For specifics of each method see Line — Spectral line metadata..

• setupperenergy - set the upper energy value
• setlowerenergy - set the lower energy value
• getupperenergy - get the upper energy value
• getlowerenergy - get the lower energy value
• setkey - change the value of an attribute
• write - write the class out to disk as XML
• isequal - compare this Line class with another

## Individual AT Designs¶

### File_AT¶

Description

File_AT creates a File_BDP that contains a reference to an arbitrary file. It has no real use (yet), except for bootstrapping a Flow AT series, where it can be used to test the (large scale) system performance. See also Ingest_AT for a real task that bootstraps a flow.

Use Case

Currently only used by Flow ATs for testing purposes, and thus useful to bootstrap a flow, since it can start from an empty directory, and create a zero length file. This means you can create realistic flows, in the same sense as full science flows, and measure the overhead of ADMIT and the FlowManager.

Input BDPs

There are no input BDPs for this bootstrap AT. A filename is required to create an output BDP, using an input keyword (see below).

Input Keywords

• file - The filename of the object. File does not have to exist yet. There is no default.
• touch - Update timestamp (or create zero length file if file did not exist yet)? Default: False.

Output BDPs

• File_BDP - containing the string pointing to the file, following the same convention the other file containers (Image_BDP, Table_BDP) do, except their overhead. There is no formal requirement this should be a relative or absolute address. A symlink is allowed where the OS allows this, a zero length file is also allowed.

Procedure

Simple Unix tools, such as touch, are used. No file existence test done. There are no CASA dependencies, and thus no CASA tasks used.

none

### Flow_AT¶

Description

There are a few simple FlowXY_AT’s implemented for experimenting with creating a flow, without the need for CASA and optionally actual files.

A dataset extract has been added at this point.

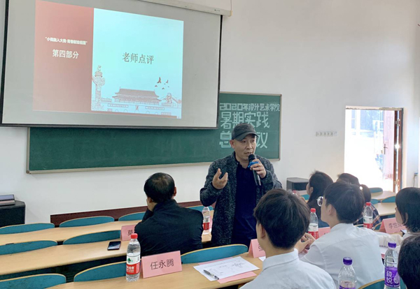 会议伊始,首先由实践部学生干部高驰汇报2020年暑期实践情况及本次评选细则。紧接着,各团队依次上台介绍,每个团队代表都以PPT的形式,为大家展示了实践的目的、成果及感悟。其中不乏众多引人注目的项目,如为乡村儿童搭建娱乐设施、为儿童们带来多彩的课外活动、为乡村民宿与道路建设进行规划。每个项目都为乡村和家乡的建设与发展做出了贡献。随后,由邓韩松和莫武刚老师进行会议总结,两位老师提出一致观点:作为艺术学子,更应该用自己的创造力与宣传力,将技术与艺术相融合,将调研落到专业上,做更多有意义的事情。会议最后,所有参会人员合影留念。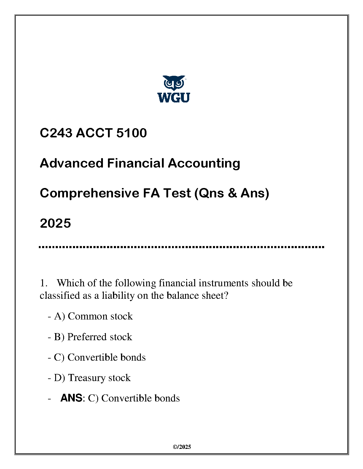 WGU C243 ACCT 5100 Advanced Financial Accounting Comprehensive Test Bank 2025 Edition

This Flow series, together with File_AT, perform nothing more than converting a dummy (one or more) input BDP(s) into (one or more) output BDP(s). Optionally the file(s) associated with these BDP’s can be created as zero length files. Currently three*Flow* ATs are implemented. A simple Flow11_AT can be used for converting a single File_BDP. Two variadic versions are available: Flow1N_AT with 1 input and N outputs, and FlowN1_AT with N inputs and 1 output.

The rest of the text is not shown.